Theorem C now follows from Theorem 6.1 by setting
$B_2=S^n$
, in which case
$\Sigma _0 B_2\cong \widetilde {\Sigma }_0 B_2\cong S^{n+1}$
.
Before we prove Theorem 6.1, we first note the following observation.
Lemma 6.2. A manifold M of the form (*) is uniquely determined (up to diffeomorphism) by its dimension n, the Betti numbers
$b_2(M),\dots ,b_{\lfloor \frac {n}{2}\rfloor }$
and whether M is spin or not.

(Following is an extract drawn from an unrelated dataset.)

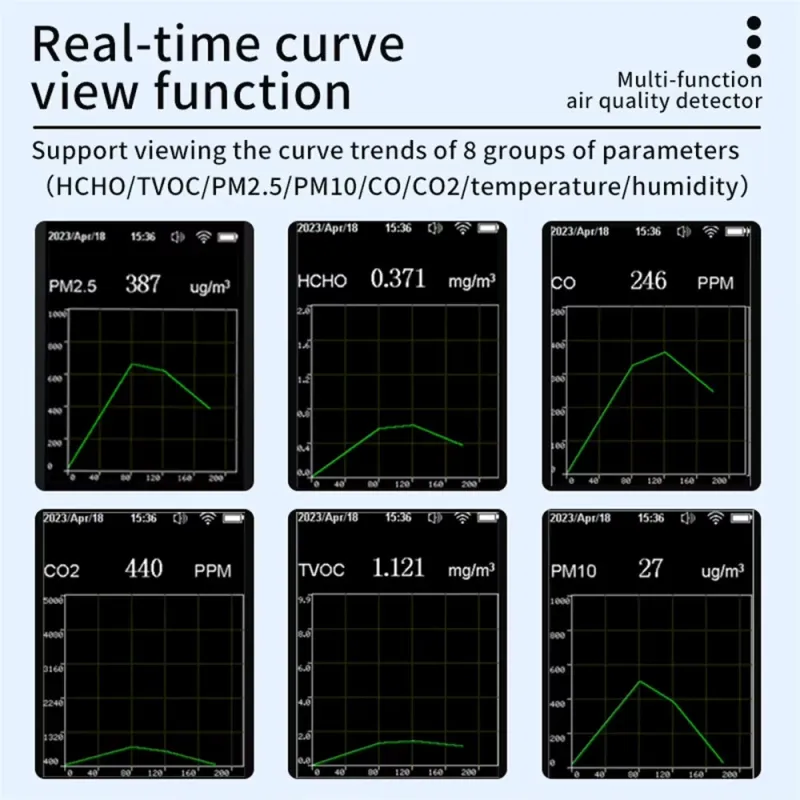 14-in-1 Tuya WiFi Air Quality Monitor HCHO TVOC CO2 Carbon Monoxide PM2.5 PM10 Temperature Humidity Portable Rechargeable Smart Sensor App Control

Conversely, any sequence
$b_2,\dots ,b_{\lfloor \frac {n}{2}\rfloor }\in \mathbb {N}_0$
with
$b_{\frac {n}{2}}$
even if n is even can be realized as the Betti numbers of an n-dimensional spin manifold of the form (*), and of an n-dimensional nonspin manifold of the form (*) provided
$b_2\geq 1$
.
Proof. Since
$$\begin{align*}(S^2\mathrel{\widetilde{\times} } S^{n-2})\# (S^2\times S^{n-2})\cong (S^2\mathrel{\widetilde{\times} } S^{n-2})\# (S^2\mathrel{\widetilde{\times} } S^{n-2}) \end{align*}$$
by Corollary 4.2, the information whether M is spin or not is sufficient (together with the Betti numbers) to determine its diffeomorphism type. All other claims are obvious.
Proof of Theorem 6.1.
Let
$\xi _0\in H_2(B_2)$
be a class such that
$e_2\frown \xi _0=d_2$
. We first assume that
$b_2(B_1)\geq 2$
. Let
$k,l\in \mathbb {Z}$
so that
$k d_1+l d_2=1$
(which exist since e is primitive). Denote by
$x_i^*$
a generator of the second cohomology of the i-th summand in
$B_1$
that is a sphere bundle over
$S^2$
. Then, by Corollary 4.7, we can apply a self-diffeomorphism of
$B_1$
so that
$e_1$
is given by
$k d_1 x_1^*+d_1 x_2^*$
. Hence, if we write
$B_1\# B_2$
as
$M\# N$
, where N is the summand of
$B_1$
with
$H^2(N)$
generated by
$x_1^*$
and M is the connected sum of all remaining summands, we can apply Corollary 4.5 or 4.6 with
$\xi =l\xi _0$
(and note that the class
$l\xi _0$
can be represented by a map
$S^2\to B_2$
by the Hurewicz theorem). Thus, we obtain a self-diffeomorphism of
$B_1\# B_2$
that maps e to
$x_1^*+d_1 x_2^*+e_2$
. Hence, the restriction of e to one
$(S^2\times S^{n-2})$
or
$(S^2\mathrel {\widetilde {\times } } S^{n-2})$
-summand is primitive.
In case
$b_2(B_1)=1$
, we obtain the same conclusion by applying Corollary 4.5 or 4.6 to
$\xi =l\xi _0$
, where here
$l\in \mathbb {Z}$
is chosen so that
$d_1+l d_2=\pm 1$
.
We now repeatedly apply Theorem A to obtain that P is the connected sum of
$(S^3\times S^{n-2})$
(which is the total space of the principal
$S^1$
-bundle over
$(S^2\times S^{n-2})$
or
$(S^2\mathrel {\widetilde {\times } } S^{n-2})$
with Euler class
$x_1^*$
) and twisted suspensions of
$B_2$
along
$e_2$
and of the remaining products of spheres or
$(S^2\mathrel {\widetilde {\times } } S^{n-2})$
-summands. Thus, the claim now follows from Theorem B.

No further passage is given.